Hamidullah Qadri

Personal information
- Born: 5 December 2000 (age 25) Kandahar, Afghanistan
- Batting: Right-handed
- Bowling: Right-arm off break
- Role: Bowler

Domestic team information
- 2017–2019: Derbyshire (squad no. 75)
- 2020–2024: Kent (squad no. 75)
- 2022/23: Matabeleland Tuskers
- 2025: Norfolk
- FC debut: 26 June 2017 Derbyshire v Glamorgan
- LA debut: 29 May 2017 Derbyshire v South Africa A

Career statistics
| Competition | FC | LA | T20 |
| Matches | 29 | 29 | 3 |
| Runs scored | 615 | 241 | – |
| Batting average | 17.57 | 17.21 | – |
| 100s/50s | 0/3 | 0/0 | – |
| Top score | 87 | 43 | – |
| Balls bowled | 3,942 | 1,118 | 66 |
| Wickets | 61 | 34 | 1 |
| Bowling average | 36.86 | 31.50 | 66.00 |
| 5 wickets in innings | 3 | 0 | 0 |
| 10 wickets in match | 0 | 0 | 0 |
| Best bowling | 6/129 | 4/36 | 1/34 |
| Catches/stumpings | 10/– | 8/– | 0/– |
- Source: Cricinfo, 30 September 2024

= Hamidullah Qadri =

Afghan cricketer (born 2000)

Hamidullah Qadri (born 5 December 2000) is an Afghan-born English professional cricketer who has played for Kent County Cricket Club, Derbyshire and the England under-19 team.

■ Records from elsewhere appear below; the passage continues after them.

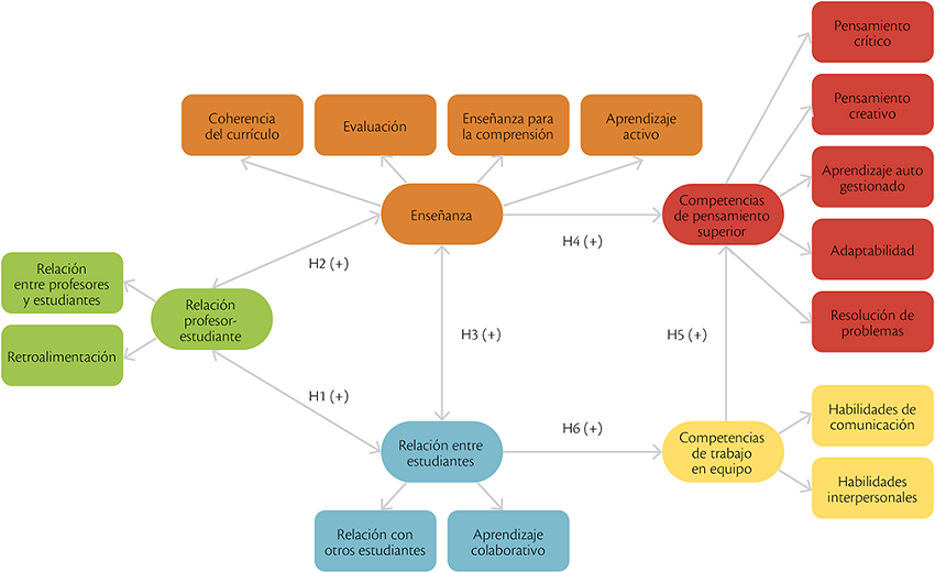 Por último, la relevancia de la relación entre pares en el proceso de aprendizaje ha sido reportada a nivel universitario (Bowden et al., 2021). Kember y Leung (2009), señalaron que la relación entre estudiantes influye positivamente sobre el desarrollo de competencias de trabajo en equipo a nivel de pregrado, lo cual se ha validado en otros contextos (Gargallo et al., 2018). Por lo que se sugiere la siguiente hipótesis:
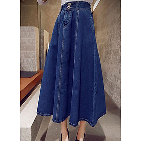 Chân váy jeans xanh dáng dài chữ A xẻ tà phía sau
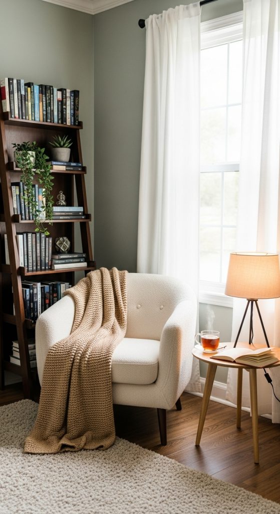 Pair a comfortable armchair with a ladder-style bookshelf to create a simple yet stylish book corner. The ladder shelf can hold books, small plants, or decorative items, and its open design prevents the corner from feeling cramped. Choose a chair with soft upholstery and an ergonomic design to support long reading sessions. A small side table can hold a cup of tea, glasses, or additional books. This setup is perfect for bedrooms where you want a visually appealing corner that balances comfort, functionality, and design.
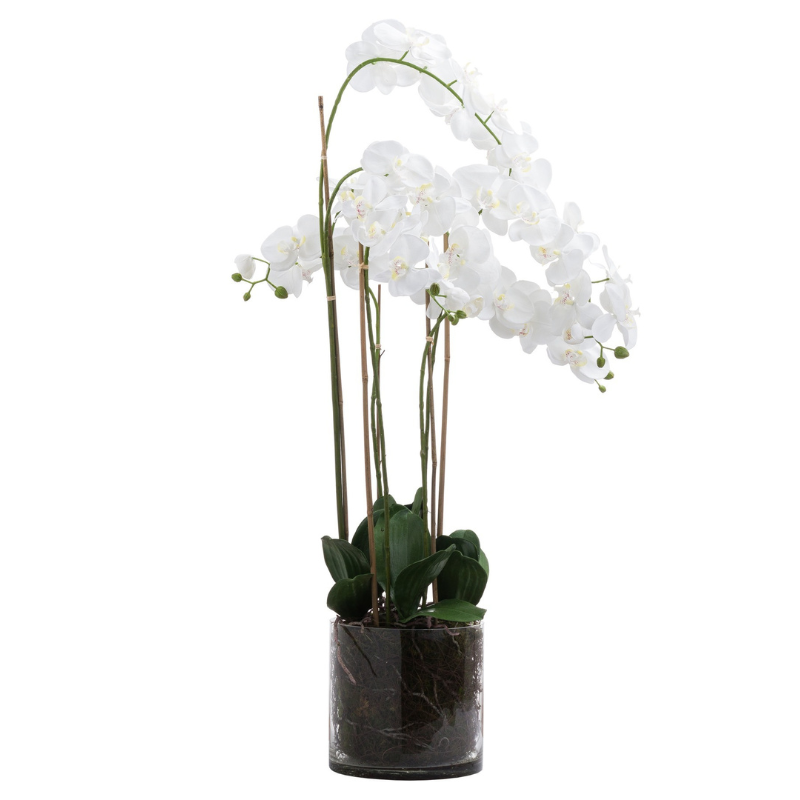 Crafted with lifelike attention to detail, each tall orchid stem features delicate white blossoms, lush green leaves, and realistic roots nestled in a clear glass pot. The glass vessel enhances the modern aesthetic, showcasing the intricacy of the orchid’s base while blending seamlessly with both contemporary and classic décor styles. Its tall, commanding presence makes it an eye-catching accent on bar counters, shelves, and console tables, creating a serene and inviting atmosphere.
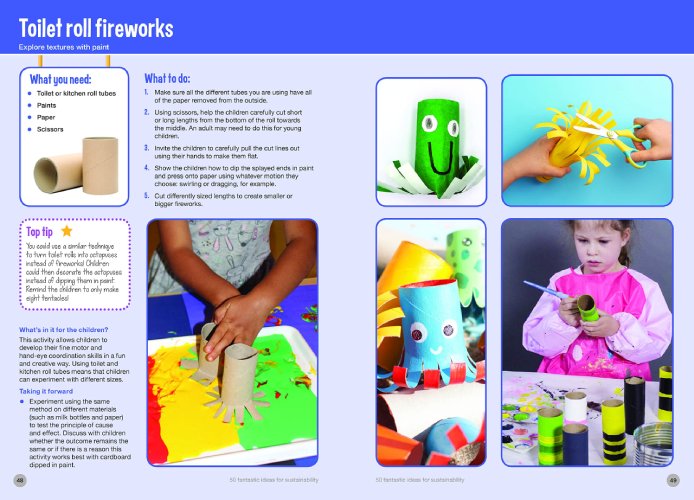 Teach children to reduce, reuse, recycle, repair and be respectful with 50 fun activities for encouraging environmental sustainability. From making planters and bird feeders to creating natural paints or even bringing broken crayons back to life, these original ideas encourage children and practitioners to see the potential for creativity and fun using and reusing everyday, easy-to-source items, some of which might have otherwise gone to waste.
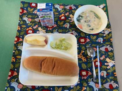 きのこのクリームシチュー、キャベツのピクルス、りんご、パン、牛乳
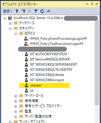 SQL Server 側にユーザを作成する
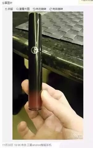 之后,贴心的她马上在微博上公布了品牌的名字,不出意外,就是彩妆界的大户阿玛尼!不过她狡猾地没公布色号啊,网友们猜测看样子像是阿玛尼漆光迷情唇釉的201号,复古又性感。
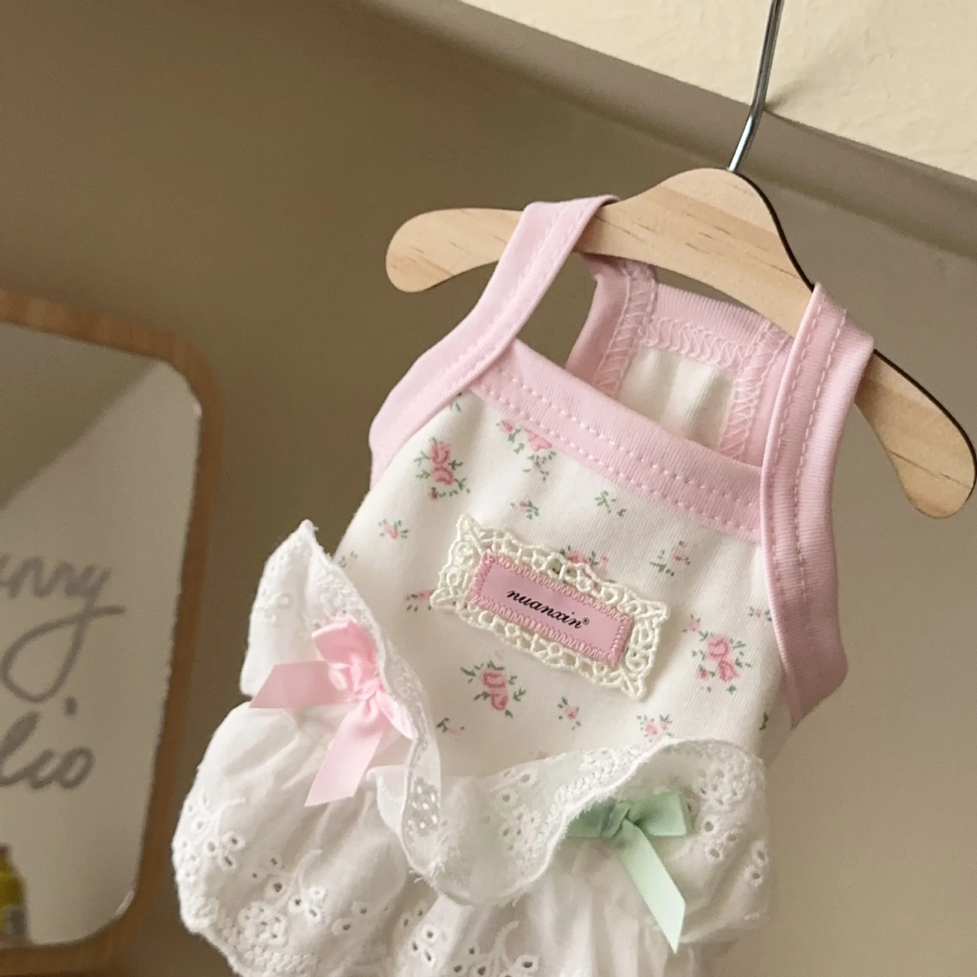 Este top es encantador. . Encantador algodón. . Es un poco más pequeño de lo que pensé en comparación con la guía de tallas de busto y largo, por lo que recomendaría pedir una talla más grande que la que usas normalmente, ya que tiene un ajuste pequeño. . Y el encaje no tiene un aspecto tan lujoso como en la foto, pero sigue siendo muy bonito (voy a pedir otro, pero en la siguiente talla para mi talla 2). (Poodle de juguete miniatura de 7 kg)
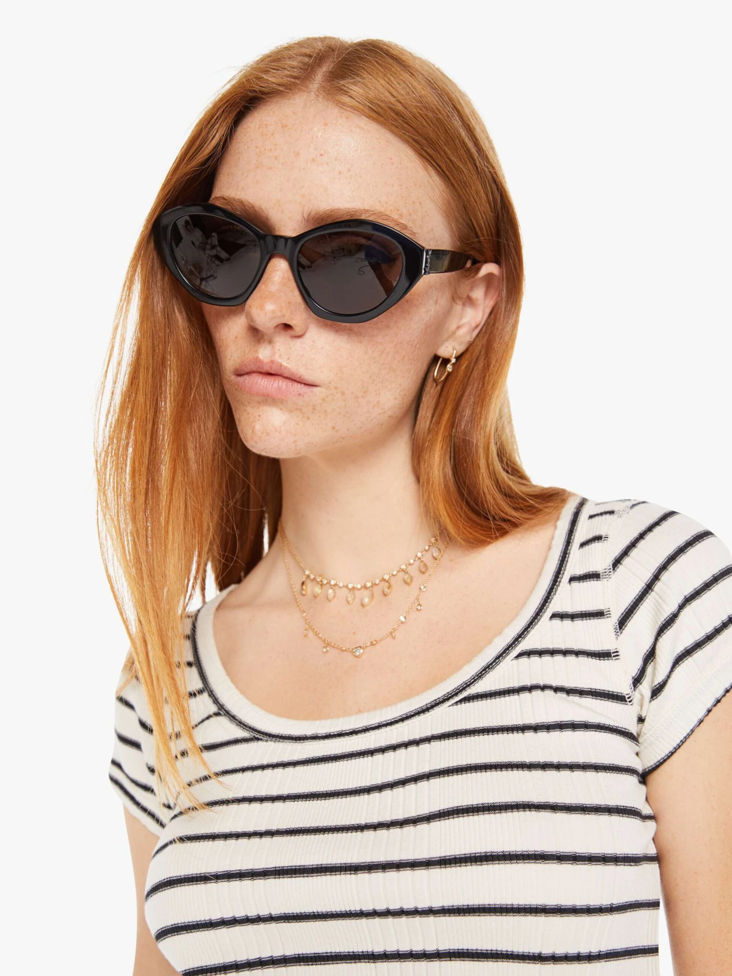 Read between the lines. A scoop neck baby tee with a cropped hem and slim fit. The top is made from a cotton blend in a black and white stripe pattern.

Born in Afghanistan and moving to England with his family at the age of 10, Qadri made his first-class cricket debut for Derbyshire in June 2017, becoming the first player born in 2000 to appear in the County Championship and Derbyshire's youngest ever first-class player.

==Early life==
Hamidullah Qadri was born in Kandahar, Afghanistan, on 5 December 2000. When he was aged one, his father left to find work in England due to the War in Afghanistan. The rest of the family were only able to follow and be reunited when Qadri was 10. Having been unfamiliar with cricket in Kandahar, Qadri developed an interest in the sport once the family had settled in Derby, learning about spin bowling from watching videos of famous players. At the age of 12, he was playing first team cricket for Alvaston & Boulton Cricket Club in the Derbyshire Premier Cricket League, alongside former New Zealand player Iain O'Brien. O'Brien nicknamed Qadri "The Magician" and became the youngster's mentor.

==Career==
Having developed through the Derbyshire Academy, Qadri made his List A debut for the county against South Africa A at Derby on 29 May 2017.

He made his first-class debut for Derbyshire against Glamorgan at Sophia Gardens, Cardiff, in the 2017 County Championship on 26 June 2017, taking five wickets in the second innings. On his debut, he became the first player to be born in the year 2000 to play in the County Championship and the youngest to represent Derbyshire in a first-class match.

He made his Twenty20 debut for Derbyshire in the 2017 NatWest t20 Blast against Lancashire on 16 July 2017.

Qadri was added to England's under-19 squad in July 2017 for their matches against India. He was later named in the England Young Lions squad to play a tri-series against South Africa and Namibia as a warm-up for the 2018 Under-19 World Cup.

In September 2019, Qadri joined Kent County Cricket Club ahead of the 2020 season. The following month, he was named in the England under-19 cricket team's squad for a 50-over tri-series in the Caribbean. In December 2019, he was named in England's squad for the 2020 Under-19 Cricket World Cup.

Qadri left Kent at the end of his contract in October 2024.